U.S. Production Grew
U.S. oil and natural gas production grew substantially in 2013, but low gas prices continued to shift drilling activities away from natural gas. Below are just a few statistics (EIA data) to document these patterns:
- In 2012 shale gas was 39 percent of U.S. dry gas production, and Marcellus production was 18 percent of U.S. production. By comparison, shale gas was 28 percent of production in 2011.
- Natural gas marketed production is projected to have increased from 69.2 Bcf/d in 2012 to 70.4 Bcf/d in 2013.
- The Henry Hub 2013 average price ($3.69 per thousand cubic feet, mcf, est.) was significantly above 2012 ($2.65/mcf), but nowhere close to the 2008 price of almost $8/mcf.

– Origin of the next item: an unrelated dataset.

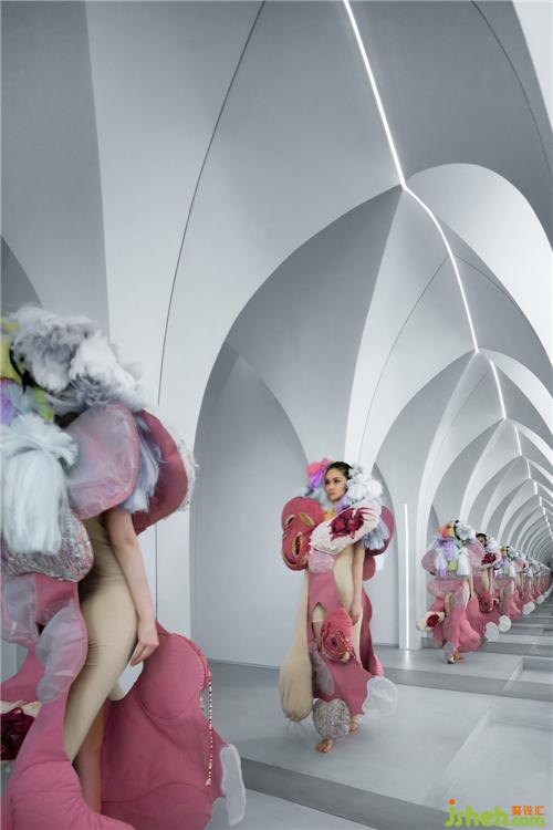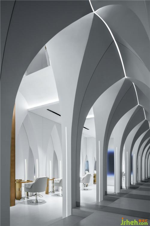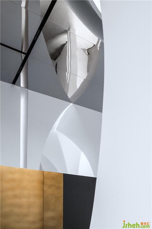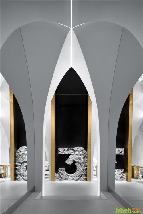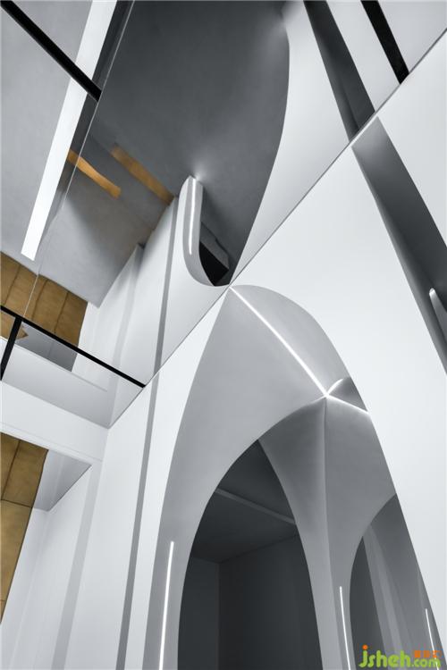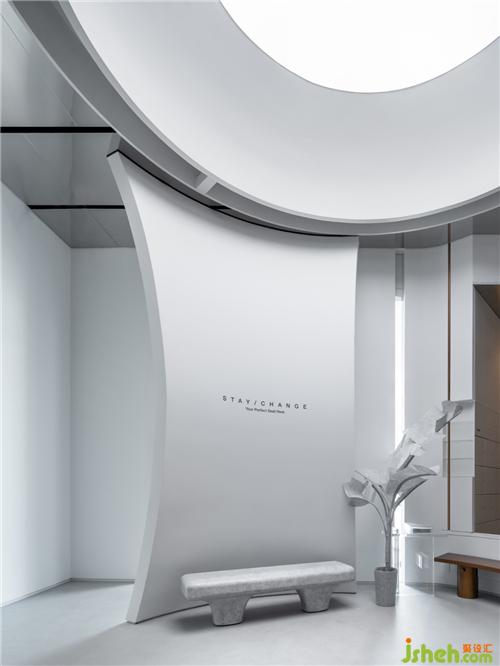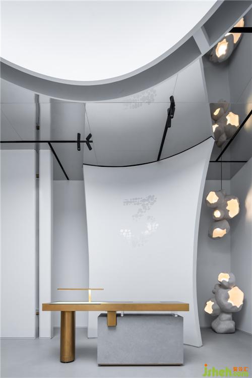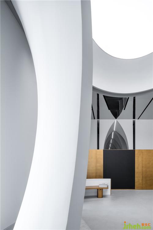 安東尼奧·高迪說(shuō)過(guò),“直線屬于人類,而曲線歸于上帝。”弱化過(guò)多的直線和平面,以圓形、鏡像、雙曲線、拋物線各種變化組合成充滿韻律動(dòng)感的異形空間。展廳裝修設(shè)計(jì)純白的光線灑落在空間中心,天空被打開(kāi)了一道通往另一個(gè)時(shí)空的洞口。
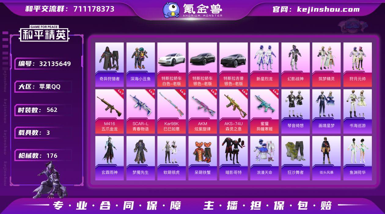 【特价出售】钱包不可注销苹果Q-2稀有3载具4粉装6特效枪22热门147套装176枪皮 58222热力值 6印记 历史超级王牌6星 【2稀有】 奇异狩猎者 浪漫天命 【3载具】 特斯拉3白色 特斯拉3银色 特斯拉X银色 【4粉装】 幻影战神 筑梦精灵 狩月元帅 新星烈龙 【6特效枪】 M416-五爪金龙 (7级) AKM-炫紫旋律 (5级) AKS-74U-森灵之息 (4级) Kar98K-巳巳如意 (5级) 蜜獾-异瞳寒姬 (4级) SCAR-L-青春物语 (5级) 【22热门】 龟仙人 青涩年华 梦魇先生 呆萌铁蟹 软萌银虎 深海小丑鱼 NV战队服 暗影哥特 团圆交子 瑞龙福将 狂沙舞者 抹茶蜜豆 朱雀圣者 娴静芝兰 机械英豪 破蛋小黄鸡 风华少年志 白月香洋装 极速红龙 弄潮海豚 M762-瑞龙福将 M24-奇异狩猎者 【1飞行器】 星夜魔法师飞行翼 【2头盔】 幻影战神头盔 马卡龙头盔 【2背包】 神秘黑猫背包 夏日绵绵冰背包

- The Bakken Shale produced approximately one million barrels per day in December 2013, and increased oil production from the formation contributed to September 2013 domestic oil production being almost 20 percent over September 2012.
- Oil well completions increased 18 percent while natural gas completions declined 30 percent, and total well completions increased 6 percent (American Petroleum Institute, third quarter 2013 compared to the third quarter 2012).
President Obama stated his intent to reduce greenhouse gas emissions, including reducing methane emissions from oil and gas operations, through executive branch actions because of congressional inaction, and many expected a rush of new regulations.
The early focus of this activity has been on coal-fired power plants, and almost no federal hydraulic fracturing regulations were finalized in 2013. The inaction may reflect longer times for the White House review process, plus the difficulty in dealing with the large number of comments received when draft rules and regulations were released.
The most recent White House regulatory agenda includes:
- The Bureau of Land Management plans to release its new hydraulic fracturing rules in May 2014.
- EPA’s draft guidance for hydraulic fracturing using diesel is not yet scheduled for release.
- The U.S. Coast Guard has sent a draft regulatory proposal on barge transport of flow-back fluids from hydraulic fracturing to the Office of Management and Budget (OMB).
Preliminary ideas evidently include requiring barge operators to have certification of no hazardous materials in wastewater shipments – a potentially expensive and time-consuming requirement given that the fluid comes from multiple well sites.
State, Local Bans and Regulations
Local bans on hydraulic fracturing appeared around the country in 2013; the tally is about 400 state and local bans.
State bans or moratoria have been enacted in Maryland, New Jersey, New York and Vermont.
Most of the numerous local bans have not yet taken effect, and many are currently being fought in the courts. A few examples:
- In Pennsylvania, the state Supreme Court ruled in December that the Marcellus Shale drilling law, Act 13, which allowed companies to drill anywhere in the state without regard to local zoning laws, is unconstitutional.
- In Colorado, four municipalities have recently banned or suspended hydraulic fracturing. Governor (and past AAPG member) John Hickenlooper has expressed the position that the municipalities lack the authority to determine the use of the state’s natural resources.
Six states have strengthened their regulation of hydraulic fracturing: California, Colorado, Ohio, Pennsylvania, Utah and Wyoming; simultaneously, the governors of energy-producing states have reiterated their opposition to federal regulation of hydraulic fracturing. In late December the governors of 12 energy-producing states sent an open letter to Washington regulators and policy makers asking that regulation be left to the states.
Many Senate and House bills have been introduced on both sides of the safety debate, to either strengthen or weaken federal regulation of hydraulic fracturing – but no legislation that would affect hydraulic fracturing has passed either the House or the Senate, let alone both.
Both last year and this year the proposed bills focused on requiring disclosure of chemicals used in hydraulic fracturing fluid, or giving states the authority to regulate hydraulic fracturing on federal lands.